──────── DATA EXTRACT ────────

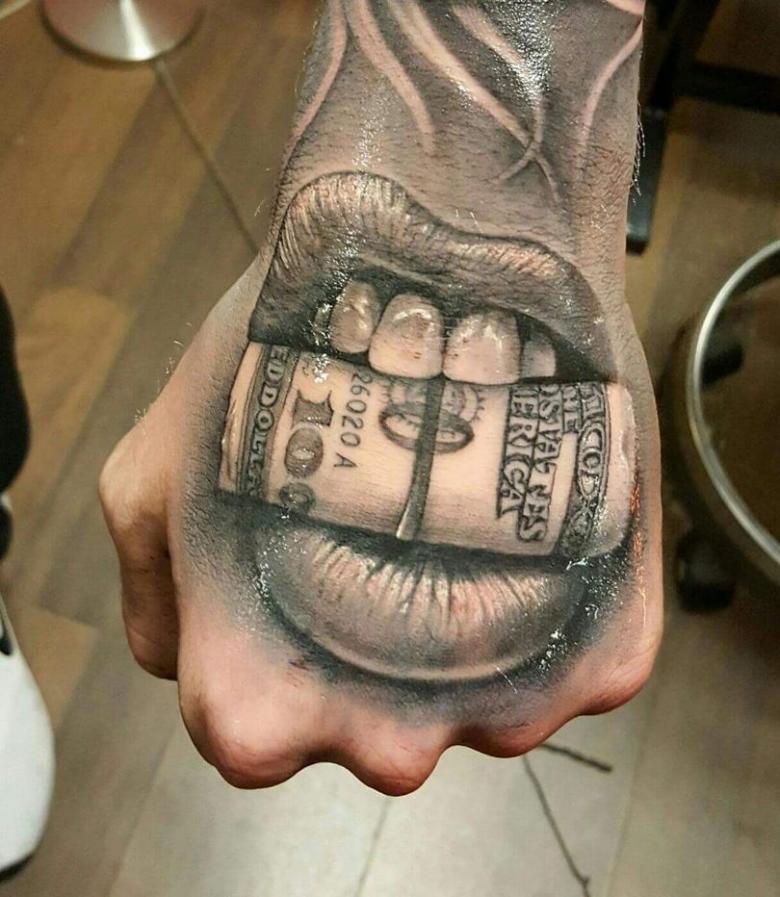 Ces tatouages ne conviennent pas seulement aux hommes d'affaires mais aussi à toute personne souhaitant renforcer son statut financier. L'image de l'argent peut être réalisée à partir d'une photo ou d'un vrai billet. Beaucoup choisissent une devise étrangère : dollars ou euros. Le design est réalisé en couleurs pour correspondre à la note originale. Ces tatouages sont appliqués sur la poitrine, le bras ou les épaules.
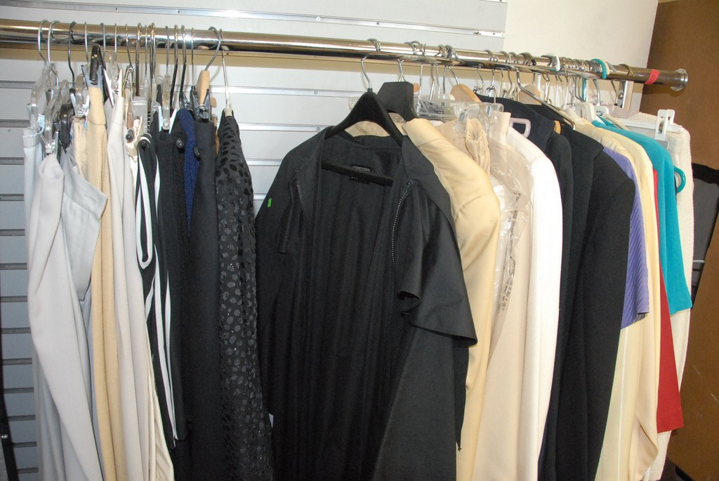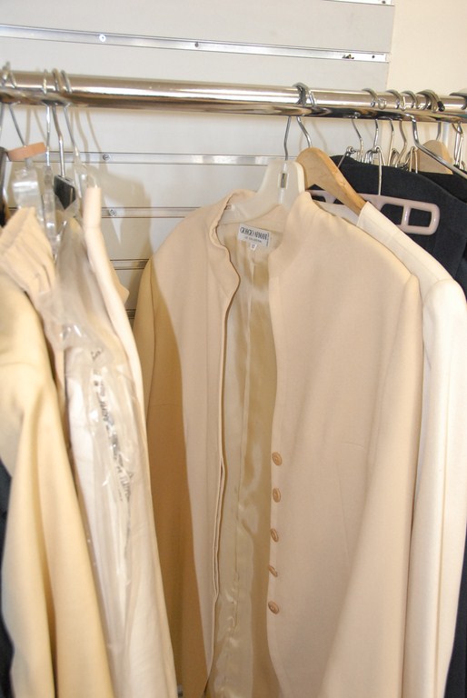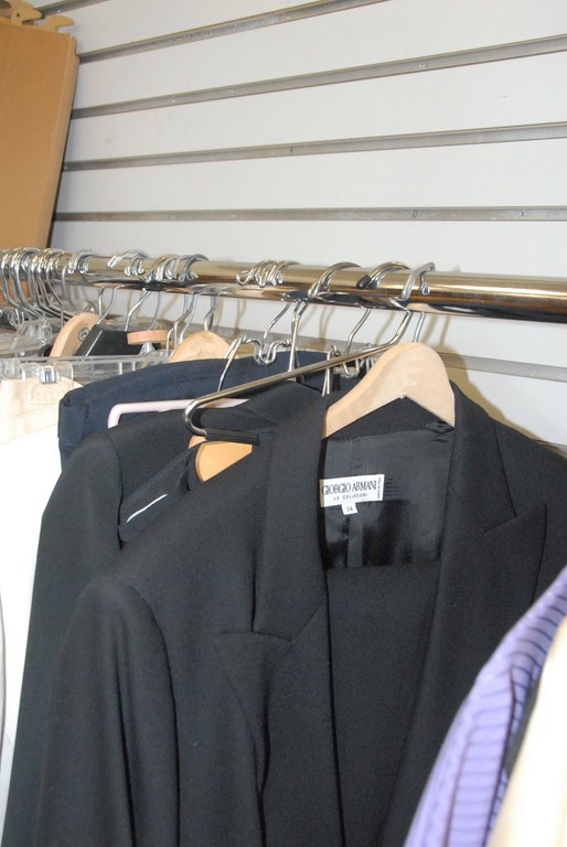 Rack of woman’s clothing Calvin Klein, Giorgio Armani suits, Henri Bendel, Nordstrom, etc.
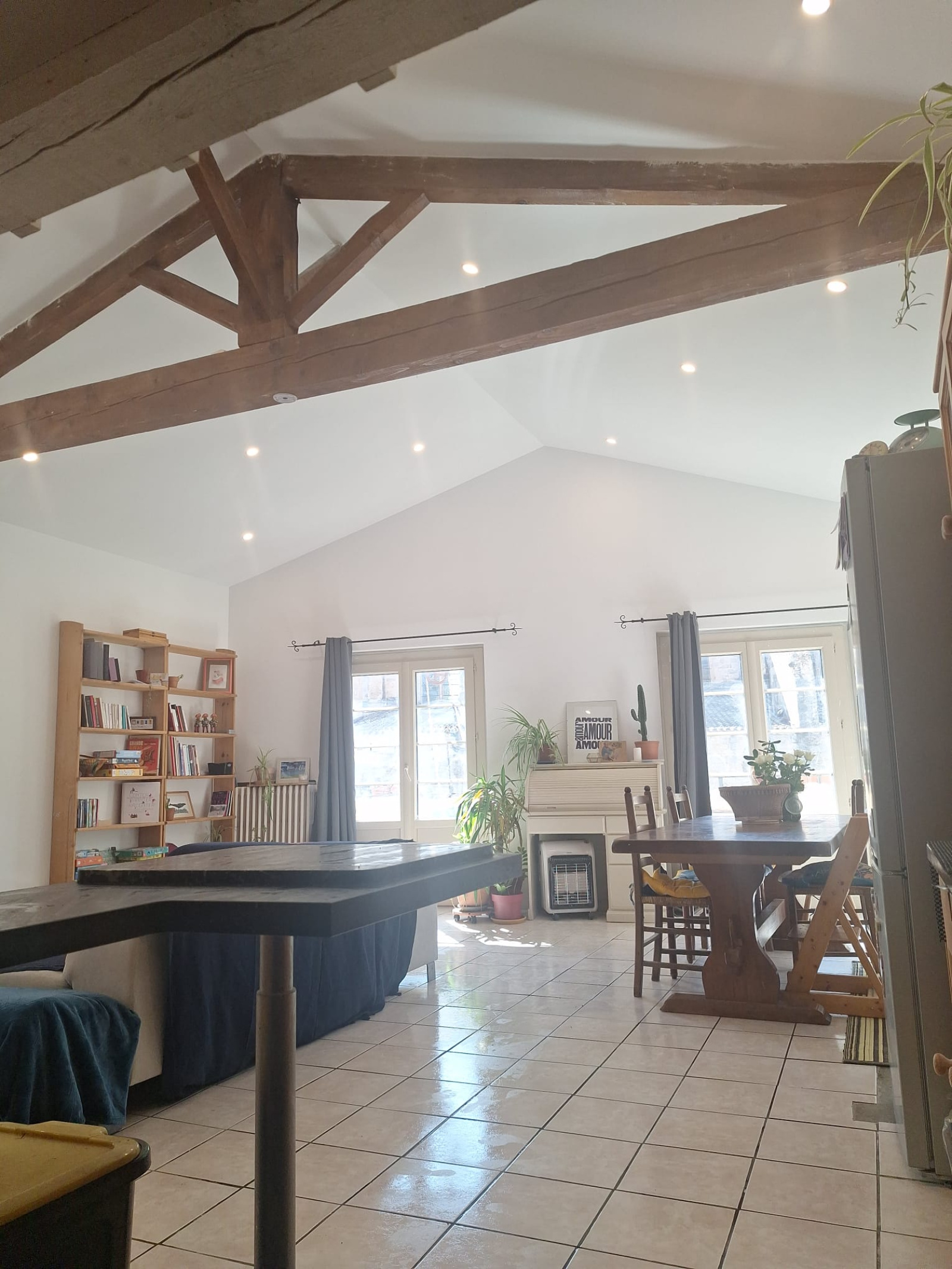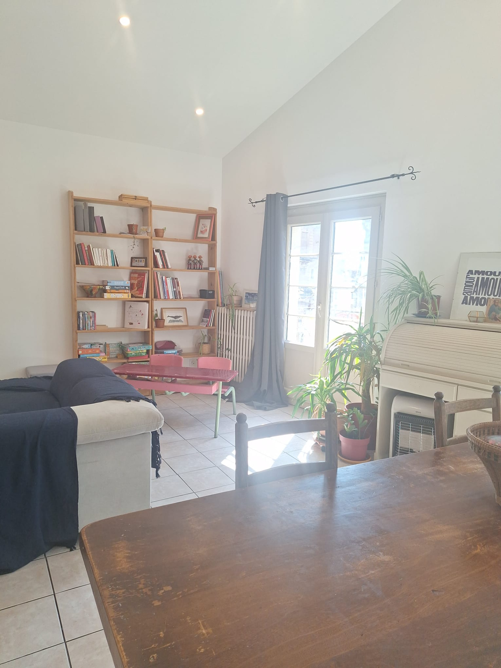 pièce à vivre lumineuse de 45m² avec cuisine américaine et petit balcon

────────
──────── DATA EXTRACT ────────

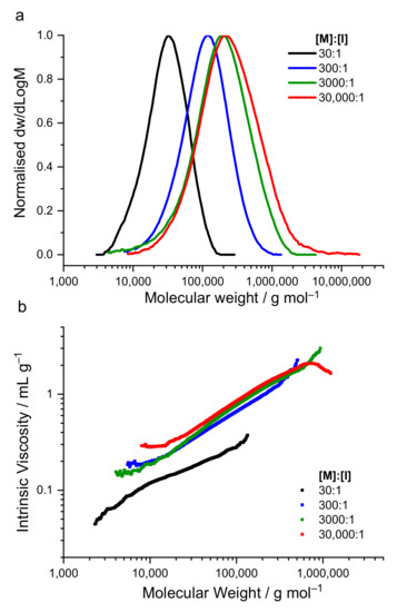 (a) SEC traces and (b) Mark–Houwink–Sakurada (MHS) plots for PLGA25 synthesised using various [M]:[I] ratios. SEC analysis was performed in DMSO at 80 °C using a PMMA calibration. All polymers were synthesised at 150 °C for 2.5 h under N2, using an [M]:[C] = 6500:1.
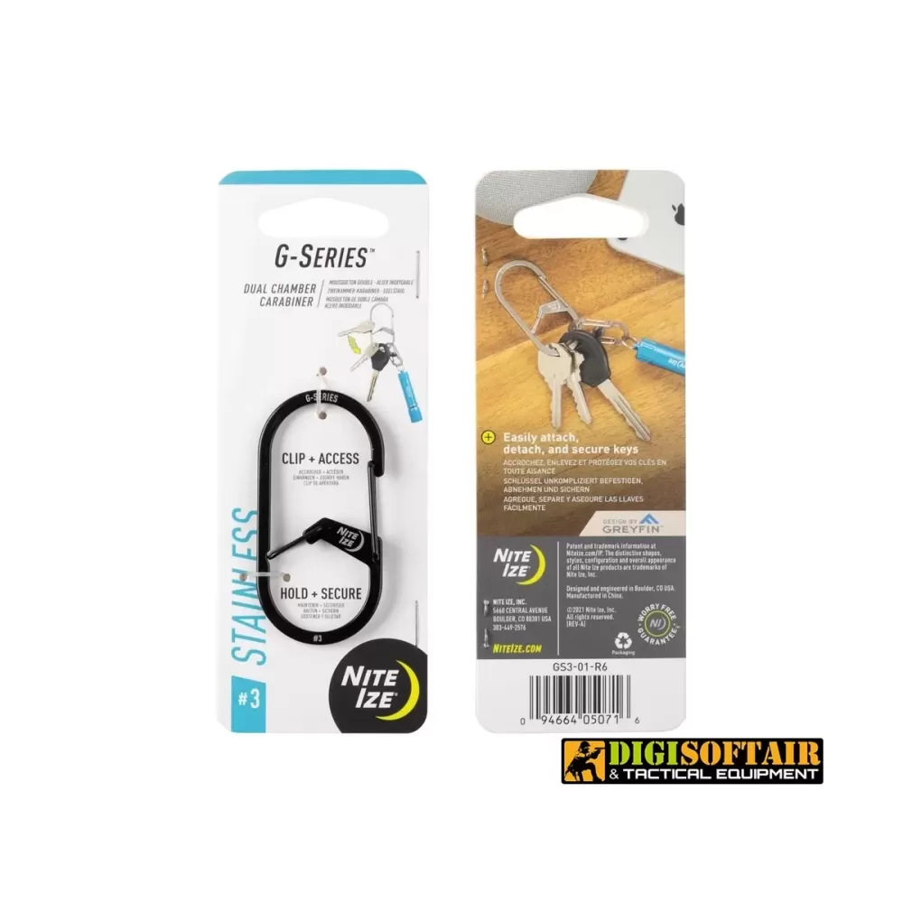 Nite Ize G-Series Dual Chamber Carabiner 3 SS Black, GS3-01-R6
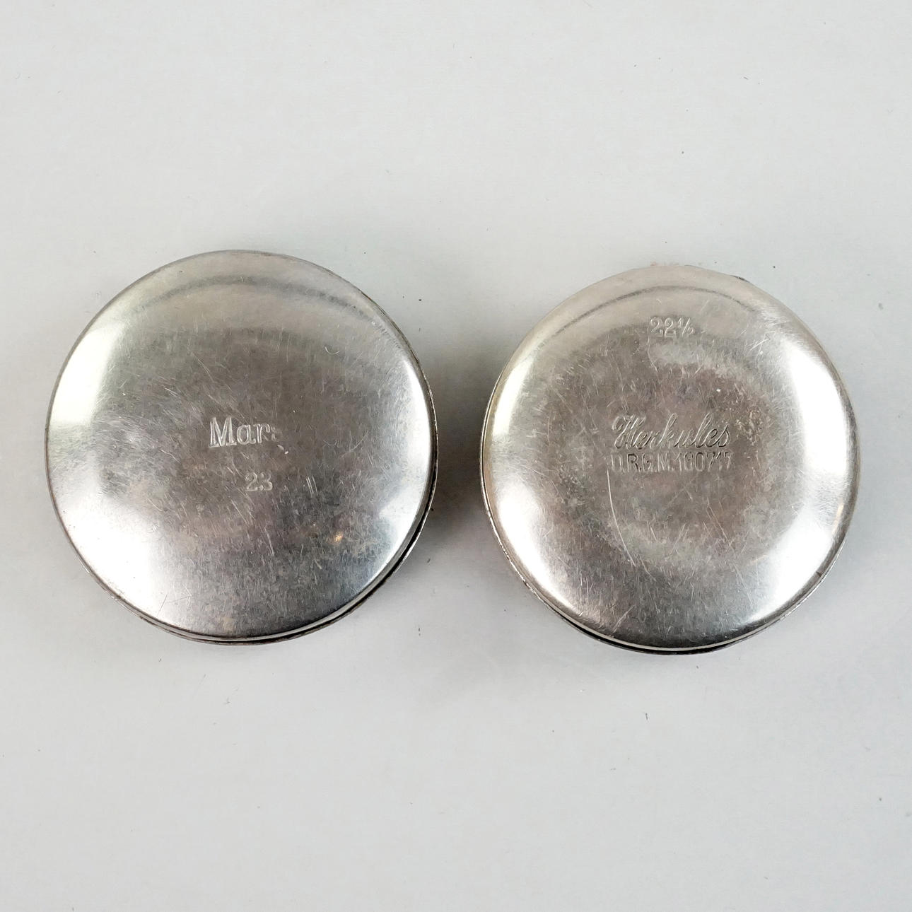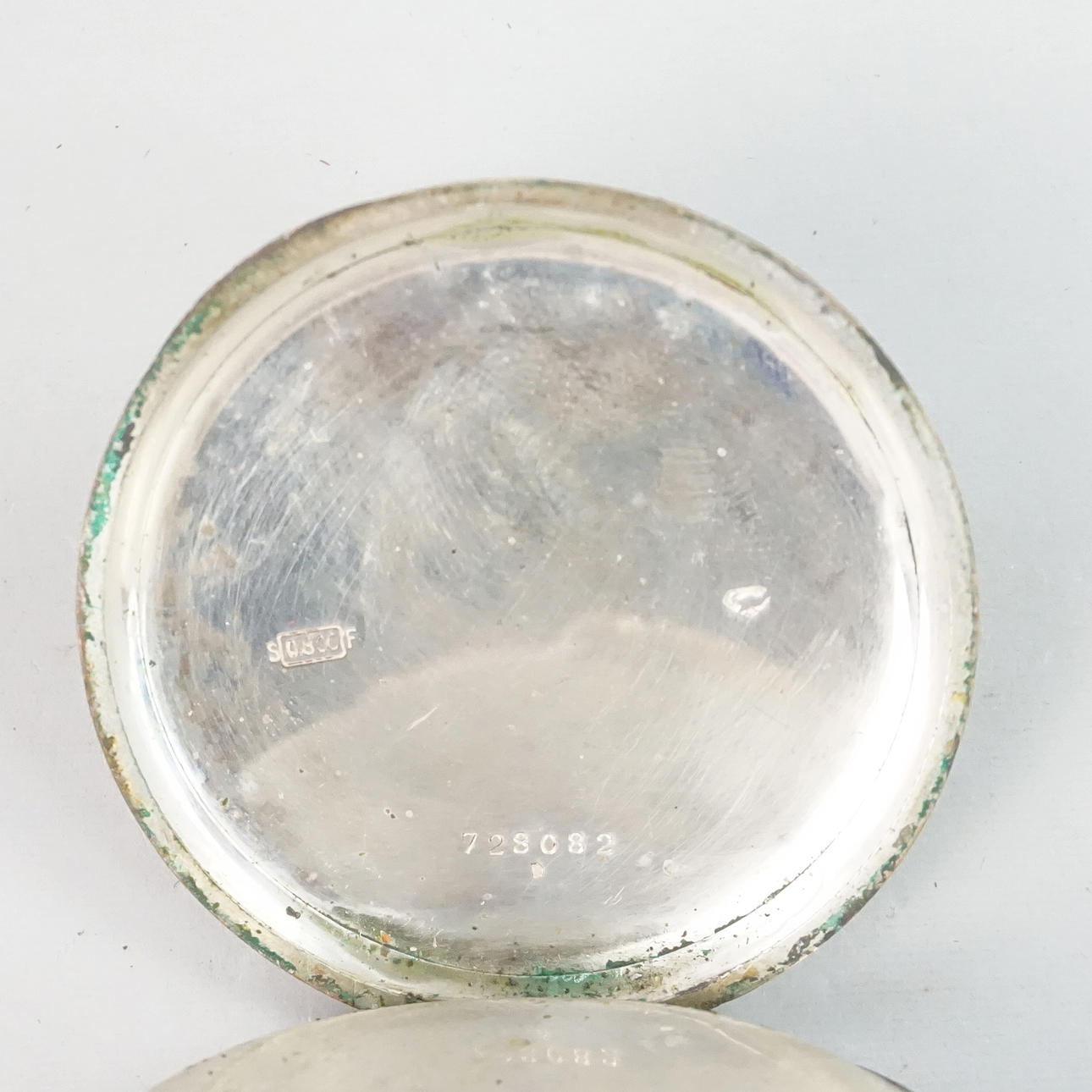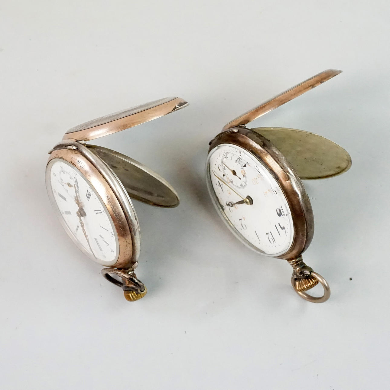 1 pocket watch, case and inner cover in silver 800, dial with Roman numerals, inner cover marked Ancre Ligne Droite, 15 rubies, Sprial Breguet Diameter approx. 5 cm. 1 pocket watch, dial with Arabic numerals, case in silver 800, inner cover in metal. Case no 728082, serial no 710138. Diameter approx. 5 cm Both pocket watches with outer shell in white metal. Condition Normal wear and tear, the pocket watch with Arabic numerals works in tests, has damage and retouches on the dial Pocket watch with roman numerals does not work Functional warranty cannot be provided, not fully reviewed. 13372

────────
──────── DATA EXTRACT ────────

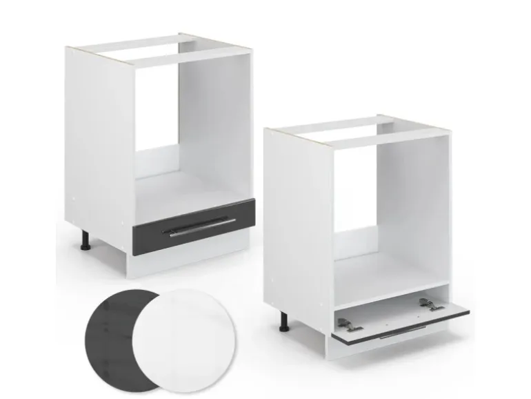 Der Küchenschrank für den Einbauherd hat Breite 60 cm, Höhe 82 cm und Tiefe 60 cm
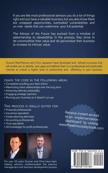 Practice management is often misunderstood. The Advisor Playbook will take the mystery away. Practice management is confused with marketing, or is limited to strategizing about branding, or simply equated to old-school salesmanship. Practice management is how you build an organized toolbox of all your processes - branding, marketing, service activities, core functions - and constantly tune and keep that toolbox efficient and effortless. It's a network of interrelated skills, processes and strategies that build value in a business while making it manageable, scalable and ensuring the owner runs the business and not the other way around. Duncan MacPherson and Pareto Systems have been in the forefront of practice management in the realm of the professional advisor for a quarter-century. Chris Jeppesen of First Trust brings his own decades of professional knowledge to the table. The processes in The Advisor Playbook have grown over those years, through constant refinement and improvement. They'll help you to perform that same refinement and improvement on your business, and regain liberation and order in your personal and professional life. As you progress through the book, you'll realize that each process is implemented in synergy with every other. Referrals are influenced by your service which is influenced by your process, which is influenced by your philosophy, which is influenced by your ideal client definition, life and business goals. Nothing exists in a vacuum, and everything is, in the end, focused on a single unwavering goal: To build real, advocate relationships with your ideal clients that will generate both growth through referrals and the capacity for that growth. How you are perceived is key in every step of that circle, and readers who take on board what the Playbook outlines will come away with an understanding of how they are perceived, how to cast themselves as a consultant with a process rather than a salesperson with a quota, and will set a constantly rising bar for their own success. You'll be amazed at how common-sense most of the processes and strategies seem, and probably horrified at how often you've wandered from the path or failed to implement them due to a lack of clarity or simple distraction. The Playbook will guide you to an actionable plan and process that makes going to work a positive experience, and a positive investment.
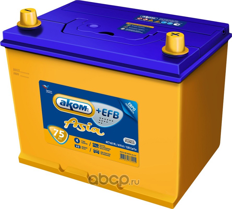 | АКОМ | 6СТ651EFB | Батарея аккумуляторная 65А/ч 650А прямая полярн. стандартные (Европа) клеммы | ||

────────

TASK REQUIREMENTS
With the pictures left out, write out exactly the lines above from the one containing "Ces tatouages ne" through the one containing "pièce à vivre".

EXERCISE RESULT
 Ces tatouages ne conviennent pas seulement aux hommes d'affaires mais aussi à toute personne souhaitant renforcer son statut financier. L'image de l'argent peut être réalisée à partir d'une photo ou d'un vrai billet. Beaucoup choisissent une devise étrangère : dollars ou euros. Le design est réalisé en couleurs pour correspondre à la note originale. Ces tatouages sont appliqués sur la poitrine, le bras ou les épaules.
 Rack of woman’s clothing Calvin Klein, Giorgio Armani suits, Henri Bendel, Nordstrom, etc.
 pièce à vivre lumineuse de 45m² avec cuisine américaine et petit balcon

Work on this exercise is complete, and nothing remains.